Kubernetes AppOps Security Part 6: Pod Security Policies (2/2) - Exceptions and Troubleshooting
+++ Important:"Pod Security Policies" are deprecated in Kubernetes version 1.21 and will be completely removed in Kubernetes version 1.25. They are succeeded by "Pod Security Standards".+++
The previous article in this series shows how a good practice for configuring security settings in Kubernetes can be implemented cluster-wide using Pod Security Policies (PSP). Building on this, this article shows when several PSPs can make sense and how you can handle them. It also provides troubleshooting tips.
In addition, the examples highlighted in this article can be tried out in a defined environment. You will find complete examples with instructions in the “cloudogu/k8s-security-demos” repository on GitHub.
One or several PSPs?
In general, we recommend the approach of only defining one cluster-wide, restrictive PSP to which all pods comply. This PSP makes sure that all pods run with the optimized security settings. However, we still must overcome the challenges described in the previous articles: many applications cannot easily be executed with these settings. For example, because they can only be started as the “root”

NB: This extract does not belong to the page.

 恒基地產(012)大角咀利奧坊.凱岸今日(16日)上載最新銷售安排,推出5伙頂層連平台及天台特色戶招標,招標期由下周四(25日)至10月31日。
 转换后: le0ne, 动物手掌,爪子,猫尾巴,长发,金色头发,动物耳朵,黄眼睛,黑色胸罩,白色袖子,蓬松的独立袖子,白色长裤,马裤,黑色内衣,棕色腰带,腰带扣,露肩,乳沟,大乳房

user or because they write to the file system or they need certain Linux capabilities. These issues are usually resolved easily for your own applications (Security Context – Teil 1: Good Practices). However, they can present a more challenging situation for third-party applications that you need to operate in a cluster. This applies to many standard images available from DockerHub, such as “mongo”, “postgres”, or “nginx”. One solution can be to use a trustworthy, security-optimized image. In the specific case of “nginx”, the maintainer even offers one: “nginx-unprivileged”

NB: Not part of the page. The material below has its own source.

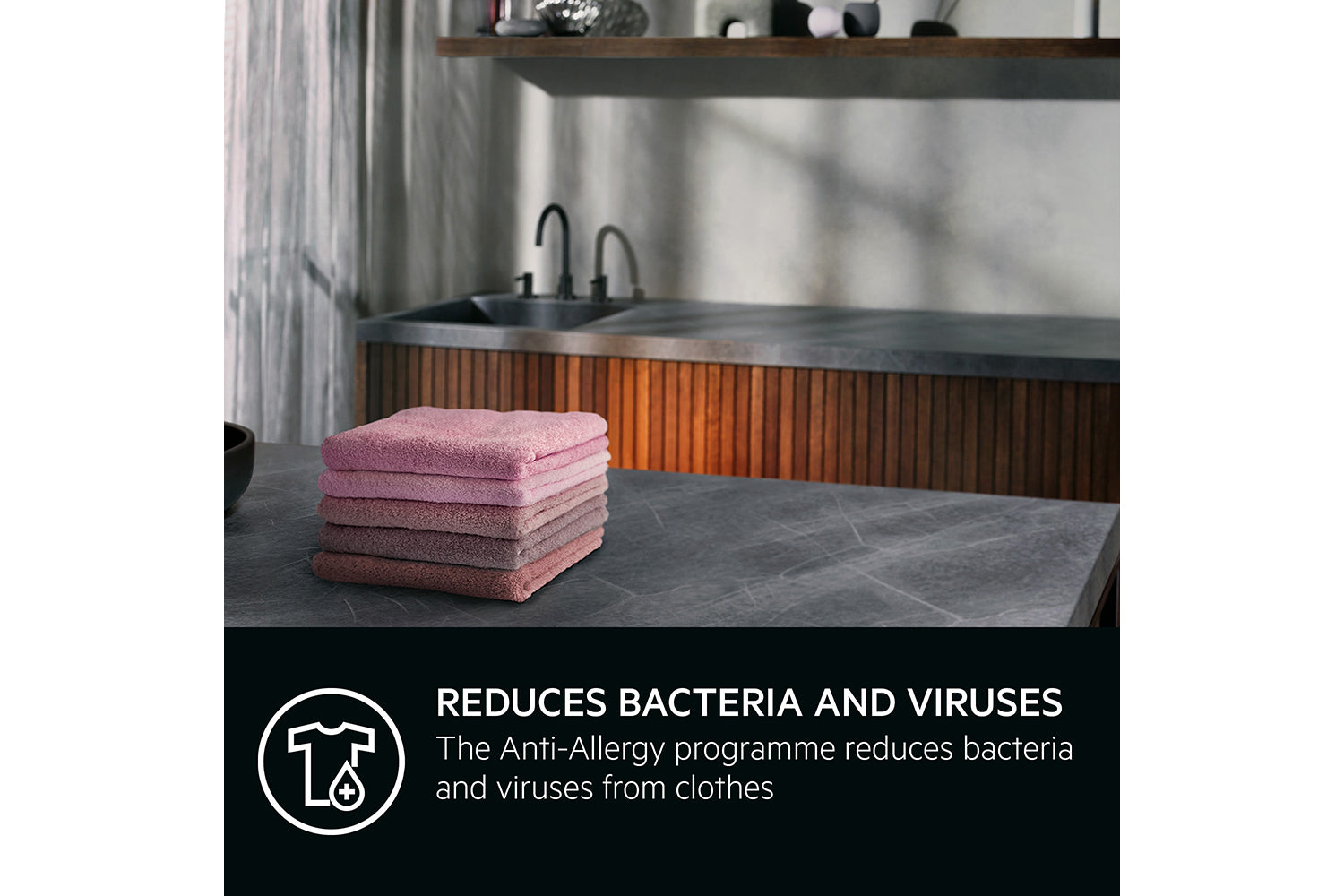 The Hygiene programme certified by Swissatest is a high-performance wash cycle that removes more than 99.99% of bacteria and viruses* from clothes. By keeping your wash temperature above 60°C, you can also reduce allergens.

. Bitnami offers such open-source images for many well-known open source products. These are also often used in the packages (charts) of Helm, the package manager for Kubernetes. Another alternative is to create your own image that meets your requirements. However, this requires additional effort on your part.
Using Helm charts often presents its own challenges. Two examples: A PSP disables all capabilities by default. If a Helm chart now needs a certain capability, it would have to be added in the SecurityContext of the affected container. In order to make sure that this can be done through the abstraction of the Helm chart, the chart must allow the SecurityContext to be changed through “values.yaml”
.
It is the same when a volume and volume mount have to be added for read-only file systems. If no such options are available, then you can extend Helm charts yourself. They are open source and essentially Kubernetes YAML files, which means that they can be easily adapted to your own needs using a pull request. A local copy of the chart can be used until the pull request is accepted. After the pull request is accepted, you can switch back to the remote chart. The whole process is by no means impossible, but it does require more work on your part.
Depending on how the image is built and whether pull requests are accepted, it may be that these proposed solutions will not produce the desired result or only with a great deal of effort. In this case, there is another solution: Run the Pod with less restrictive security settings. These are described in additional PSPs.
Defining more permissive PSPs for each pod
If a pod, or more precisely its service account, is authorized to use several PSPs, the PSP Admission Controller will proceed as follows: The first of the PSPs sorted by name that allows the pod is used (Kubernetes Docs: Pod Security Policies). This shows that it is possible to override a restrictive PSP that is enabled cluster-wide for all pods with more permissive PSPs for individual pods.
But how is such a PSP created and only enabled for individual pods? First, of course, we need the PSP itself. Here it is advisable to duplicate the restrictive PSP (see, for example, Pod Security Policies Teil 1) and to adjust the respective value or values that should be more permissive.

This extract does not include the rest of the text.